Après Charlie : sur la liberté d’expression (1/2)

Après Charlie, je n’écrirai pas sur l’émotion, pourtant immense, que m’inspire ce drame. Je ne sais pas trouver les mots, je ne sais que dire qui n’ait pas déjà été (mieux) dit, qui ne soit pas futile. Par contre, je veux réfléchir. Réfléchir aux débats sur la liberté d’expression. Réfléchir, surtout à l’islamisme, sujet qui m’intéresse depuis quatre ans et ma lecture d’Amin Maalouf ; réfléchir aux conséquences.

NB : cet article a été retravaillé et réorganisé plusieurs mois après sa première publication.

Première partie : sur la liberté d’expression. Faut-il défendre Charlie ?

Sur la liberté d’expression : faut-il défendre Charlie ?

Certains, après Charlie, croient bon de trouver des excuses aux assassins, affirmant que Charlie Hebdo ne respectait pas les croyants, insultait régulièrement les musulmans, etc. Je ne suis absolument pas d’accord.

Entendons-nous bien. Pour ce que j’en ai lu,  je n’appréciais pas particulièrement l’humour de ce journal. Dessins souvent vulgaires, lourdauds, blessants en particulier pour les croyants et spécialement les musulmans, c’est un point que personnellement j’admets.
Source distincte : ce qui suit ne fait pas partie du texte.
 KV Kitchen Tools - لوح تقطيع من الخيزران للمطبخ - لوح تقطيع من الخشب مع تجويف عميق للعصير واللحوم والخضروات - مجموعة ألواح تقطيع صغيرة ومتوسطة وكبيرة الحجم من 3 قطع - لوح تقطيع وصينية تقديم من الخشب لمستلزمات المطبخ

D’ailleurs, c’est mon droit le plus strict : le droit à la liberté d’expression n’est pas à sens unique, et inclut aussi le droit de critiquer les dessinateurs et les chroniqueurs ! L’abjection de la tuerie n’oblige personne à apprécier subitement l’usage que faisait  Charlie Hebdo de sa liberté d’expression. Riss, le peut être futur rédacteur en chef de Charlie, n’hésite pas à le dire clairement : « On a le droit de dire ’Je ne suis pas Charlie’. La question est de le dire pour de bonnes ou de mauvaises raisons. Si c’est pour défendre des terroristes, là j’ai du mal… Après, on est en démocratie. Tout le monde n’est pas obligé d’aimer Charlie. »
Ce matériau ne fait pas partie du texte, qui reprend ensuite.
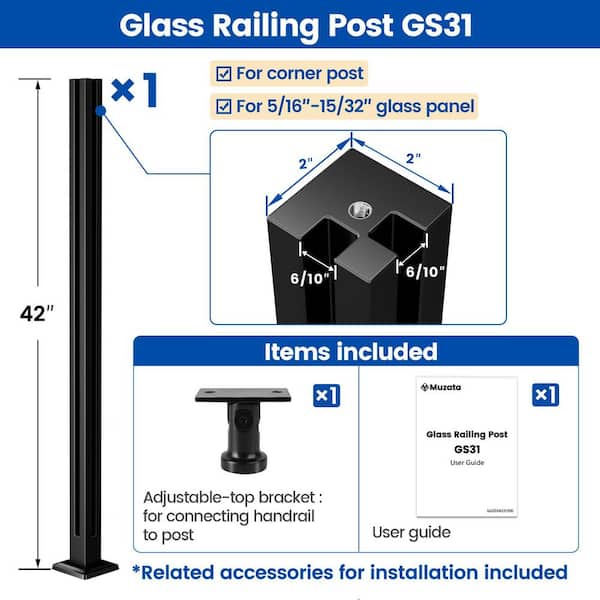 42 in. 1-Pack Glass Railing Corner Post, Stainless Steel Black Glass Railing Designed for Level Stair

Charlie Hebdo, journal hier moribond, et qui n’avait aucun esprit critique -puisque critiquer, c’est discerner, et que Charlie mettait dans le même sac les djihadistes, les rabbins, les flics, les catholiques, les Français moyens- mais nous en ferons justement l’emblème de la confusion et du néant qui nous animent ! Fabrice Hadjadj

J’ajoute que contrairement à ce qu’on entend parfois aujourd’hui, la liberté d’expression n’est pas et n’a jamais été, nulle part, absolue, sans limites. Dans les démocraties occidentales les limites à la liberté d’expression sont peu nombreuses mais existent. Article 11 de la DDHC : « La libre communication des pensées et des opinions est un des droits les plus précieux de l’homme : tout citoyen peut donc parler, écrire, imprimer librement, sauf à répondre à l’abus de cette liberté dans les cas déterminés par la Loi ».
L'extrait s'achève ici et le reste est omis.